Storytelling in Video Games

Video Games allow a player to transport themselves to a different world and do things they wouldn’t be able to do themselves.  Unlike a movie, the player becomes part of the story, watching it play out and directly impacting the game world.  Technology is finally reaching a point where sometimes you can’t tell the difference between a game and a movie and when we reach that point, that will be the pinnacle of storytelling.

I like to make the analogy of the “choose your own path” books from back in the 90s.  You would start a story and then the page would give you options.  If you wanted to go down one path, go to page 9, otherwise, go to page 10.  Essentially, that is what you get in a video game.  Early games and even some games today have a very linear story.  What that means is, you are acting in a story and it is already predetermined and the things you do won’t change the overall story or the ending.  A popular storytelling method now is to go toward an open world or dynamic storytelling.  This allows for the player to dictate the story and to make up their own way through a game.

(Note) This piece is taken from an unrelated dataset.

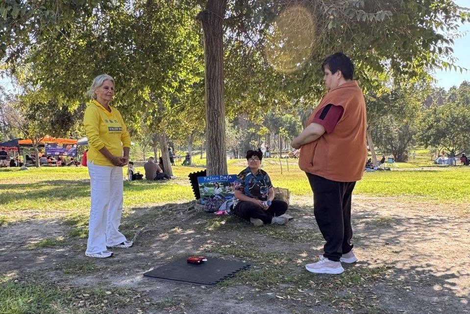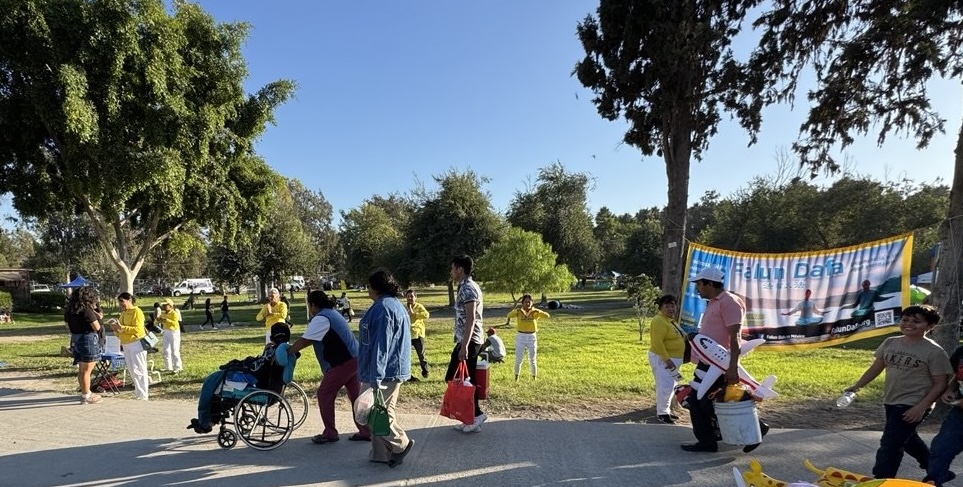 活动的第一天上午,学员们来到蒂华纳最古老的公共公园之一特涅恩特·格雷罗公园(Teniente Guerrero Park)。他们在公园里演示法轮大法功法,并向当地民众讲述中共对法轮功学员的持续迫害。

A great example of dynamic storytelling is Quantum Break.  On top of allowing the player to make choices that directly affect and change the game, they tied in a live action TV show into the game.  The game bounces you back and forth from in-game playing to watching like a TV show.  Another good example is the Game of Thrones Game from Telltale Games.  Again, the game allows you to make critical decisions (just like they have to make in the TV Show) that will have long lasting effects on the characters and the story.  

All of that being said, there is still a place for a Linear Story, as long as that story is done well.  Battlefield 1 is one of those.  The campaign in Battlefield 1 is very linear but it unfolds in a way that gets you invested in the characters and situations.  If you watch the Campaign Trailer for the game, if I didn’t already know it was a video game, I might think this trailer is for a movie.

As we continue into the future we’re going to be seeing more and more games that are like traditional forms of entertainment, movies and TV.  I for one cannot wait.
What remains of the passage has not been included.